1. 50 mg/kg twice daily for 5 days 2. 25 mg/kg, 10 mg/kg and 3 mg/kg twice daily for 10 days 3. 25 mg/kg once daily for 10 days

Miltefosine, as the only oral treatment for visceral leishmaniasis, was used as a positive control in each evaluation, dosed once daily at 30 mg/kg as solution in sterile water. 30mg/kg was chosen as it represents the ED90 in mice8,9 and therefore the required benchmark by which to compare any potential new oral therapies. For reference, a detailed study on the pharmacokinetics of miltefosine in mice has recently been published10. The minimal efficacy required by DNDi is 95% reduction in parasitaemia11. Vehicle dosed animals formed the negative control group.

Spot blood samples were taken for bioanalysis from each dose group (n=3/5 mice) following the first dose at day 1 and the last day of dosing.

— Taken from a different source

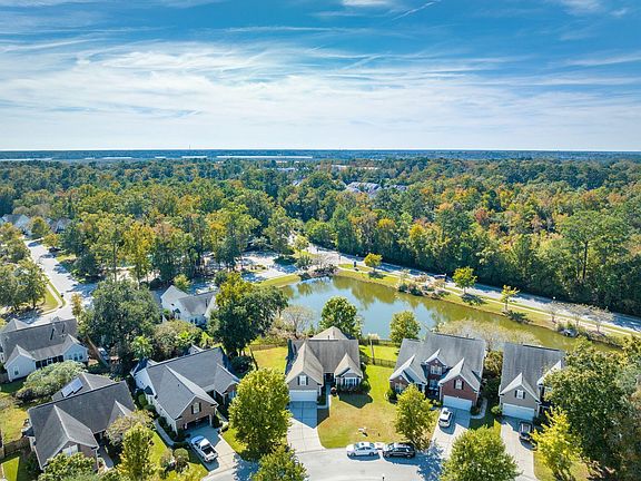 Ideally located just seven miles from historic downtown Charleston, Carolina Bay offers amazing neighborhood amenities, convenient access to several area beaches, and was developed with a focus on providing ample community green space - making it optimal for enjoying the outdoor Lowcountry lifestyle. This beautiful home sits on a premium homesite overlooking a pond, offers an open floor plan with soaring ceiling heights and is flooded with natural light. Architectural details include ten foot ceilings, which are complimented by attractive crown moldings, a generous number of windows, and numerous entertaining areas. A tray ceiling anchors the dining room, which is adorned with a gorgeous antique gold light fixture, wainscoting, and overlooks the water view.The living room's main focus is the gas fireplace that is surrounded with shiplap and finished with a distressed wooden beam mantel. The spacious kitchen features an eat-in area, an island, plentiful storage, granite countertops and stainless steel appliances - including a gas range. One of the home's key features is a bright sun room that opens to the back patio and overlooks the pond directly behind the home. The first-floor master suite also enjoys the water view, and is complimented by a well equipped en-suite bath with soaking tub, walk-in shower, water closet and dual sinks. The master closet has been outfitted with a premium organization system similar to California Closets. Two secondary bedrooms (also on the first floor) are separated from the master suite and share a stylish hall bath. The second floor contains a large bedroom with ensuite bath which is perfect for visiting guests, or could act as a private office. Other notable features include a fenced in yard, two car garage and a newer HVAC system (2020).

Three days following completion of each dosing regimen, all mice were culled, liver smears prepared from each animal and stained with Rapi-diff II (Biostain Ready Reagents, UK). The number of amastigotes/500 liver cells were then counted microscopically and parasite load expressed in Leishman Donovan units (LDU): the mean number of amastigotes per 500 liver cells x mg liver. Expression of parasite load as LDU is the standard approach for assessing efficacy12,13. The individual animal LDU following oral dosing of compound 8 at 50 mg/kg b.i.d. for 5 days, 25 mg/kg b.i.d., 10 mg/kg b.i.d. and 3 mg/kg b.i.d. for 10 days and 25 mg/kg u.i.d. for 10 days were determined.

8. Preclinical safety studies

a. Genotoxicity

i. Bacterial Mutation (Ames) Assay

Compound 6 was tested in a bacterial mutation screening assay (Ames test) with Salmonella typhimurium TA1535, TA1537, TA98, TA100 and Escherichia coli WP2uvrA(pKM101) in the presence and absence of an exogenous mammalian oxidative metabolism system (S9-mix). The maximum concentration tested and analysed was 2500 µg per plate, limited by precipitation and in accordance with current guidelines (OECD 471, 199714). Compound 6 was found not mutagenic in this bacterial mutation screening assay when tested in the presence and absence of S9-mix.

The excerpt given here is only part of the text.